Why Does Debt Bring Risk?

Debt is a tool to help businesses grow, but if a business is incapable of paying off its lenders, then it exists at their mercy. Part and parcel of capitalism is the process of 'creative destruction' where failed businesses are mercilessly liquidated by their bankers. However, a more common (but still painful) scenario is that it has to raise new equity capital at a low price, thus permanently diluting shareholders. By replacing dilution, though, debt can be an extremely good tool for businesses that need capital to invest in growth at high rates of return. The first step when considering a company's debt levels is to consider its cash and debt together.

View our latest analysis for Tootsie Roll Industries

What Is Tootsie Roll Industries's Debt?

The chart below, which you can click on for greater detail, shows that Tootsie Roll Industries had US$8.52m in debt in June 2022; about the same as the year before. But it also has US$123.1m in cash to offset that, meaning it has US$114.6m net cash.

debt-equity-history-analysis
NYSE:TR Debt to Equity History August 11th 2022

A Look At Tootsie Roll Industries' Liabilities

According to the last reported balance sheet, Tootsie Roll Industries had liabilities of US$82.5m due within 12 months, and liabilities of US$149.6m due beyond 12 months. On the other hand, it had cash of US$123.1m and US$48.7m worth of receivables due within a year. So its liabilities outweigh the sum of its cash and (near-term) receivables by US$60.3m.

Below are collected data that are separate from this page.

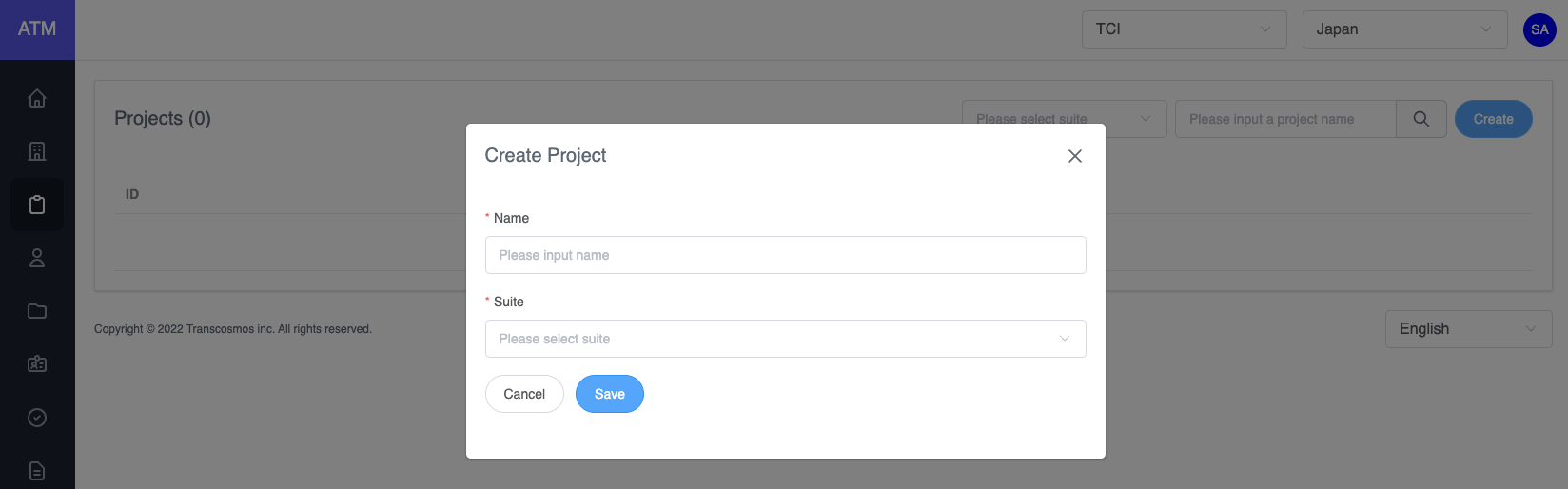 • Enter and select data: project name and suite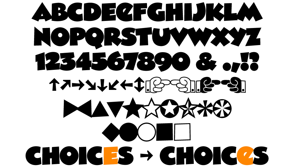 I tried to push the weight as far as I could without sacrificing legibility. It has an alternate lowercase “s” (in case you’re not into that old-school cursive form) and a set of matching dingbats and symbols.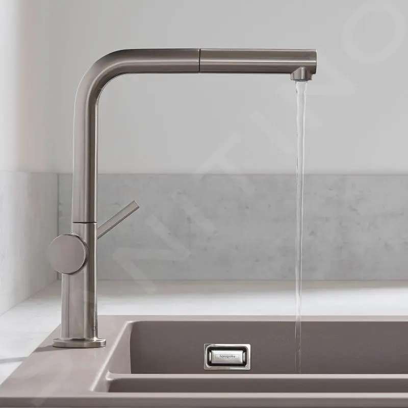 Il miscelatore può essere ruotato in 4 posizioni: 60°, 110°, 150° o 360°. Il flusso di 7 litri d’acqua al minuto lo rende uno dei rubinetti più economici. Il rubinetto da cucina hansgrohe Talis è dotato dell’ingegnoso sistema sBOX, che consente di riporre il flessibile nel mobile inferiore sotto il lavello. Il flessibile può essere estratto fino a una lunghezza di 76 cm. Garantisce un lavoro confortevole e libertà di movimento intorno al lavello. Grazie alla sua forma piatta (meno di 30 mm), sBOX può essere installato anche in condizioni ristrette.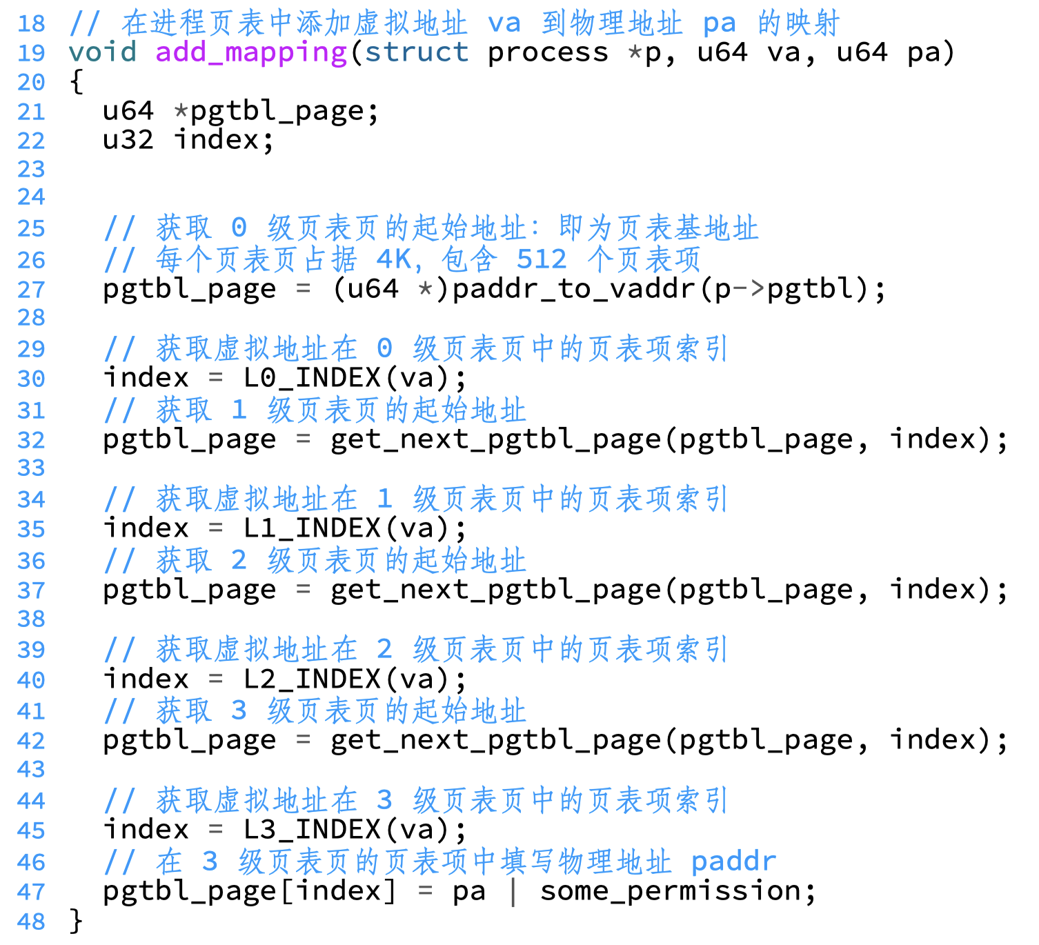- 每个页表项占用 8 个字节,每个页表页有 512 个页表项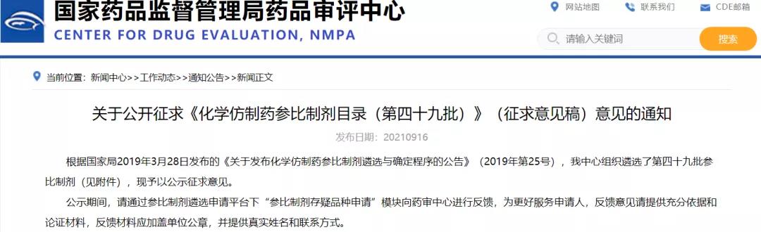 關于公開征求《化學仿制藥參比制劑目錄(第四十九批)》(征求意見稿)意見的通知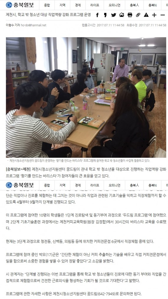 제천시, 학교 밖 청소년 대상 '직업역량강화 프로그램' 운영 페이지 정보 작성자 운영자 댓글 0건 조회 3,969회 작성일 17-07-24 17:56 본문 제천시, 학교 밖 청소년 대상 '직업역량강화 프로그램' 운영 목록 이전글제천시, '향기를만드는 바리스타' 큰 호응 17.07.24 다음글제천시청소년지원센터, '향기를 만드는 바리스타' 큰 호응 17.07.24 댓글목록 댓글목록 등록된 댓글이 없습니다.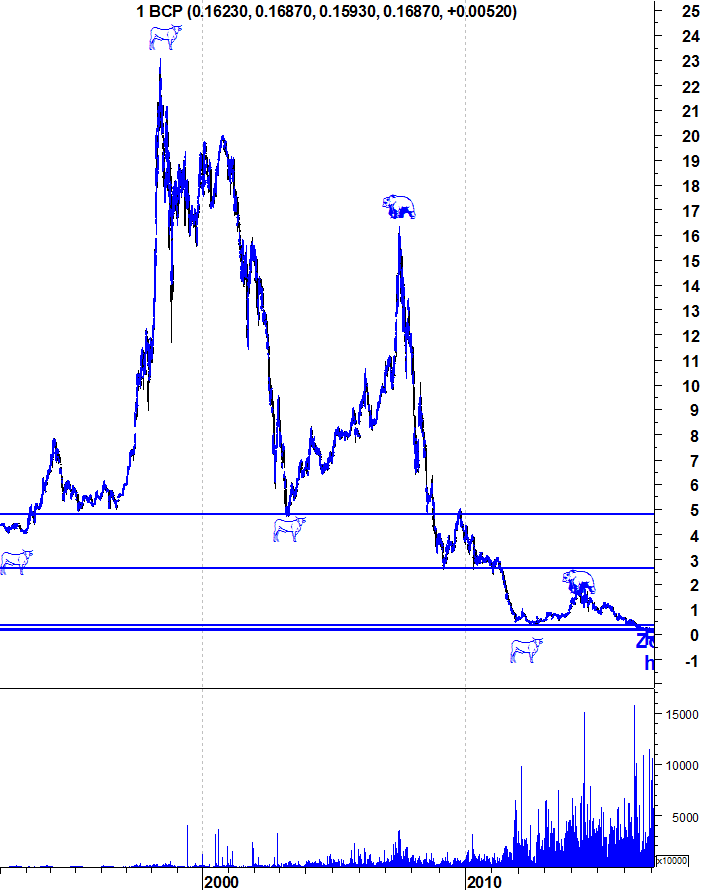 Deixo aqui os gráficos actualizados do BCP (Já devidamente corrigidos de todos os aumentos de capital e "splits"). A resistência de curto prazo situa-se entre os 0,18 e os 0,19 e a grande resistência da acção na zona dos 0,235.

Of course, Tootsie Roll Industries has a market capitalization of US$2.41b, so these liabilities are probably manageable. However, we do think it is worth keeping an eye on its balance sheet strength, as it may change over time. While it does have liabilities worth noting, Tootsie Roll Industries also has more cash than debt, so we're pretty confident it can manage its debt safely.

And we also note warmly that Tootsie Roll Industries grew its EBIT by 15% last year, making its debt load easier to handle. There's no doubt that we learn most about debt from the balance sheet. But it is Tootsie Roll Industries's earnings that will influence how the balance sheet holds up in the future. So when considering debt, it's definitely worth looking at the earnings trend. Click here for an interactive snapshot.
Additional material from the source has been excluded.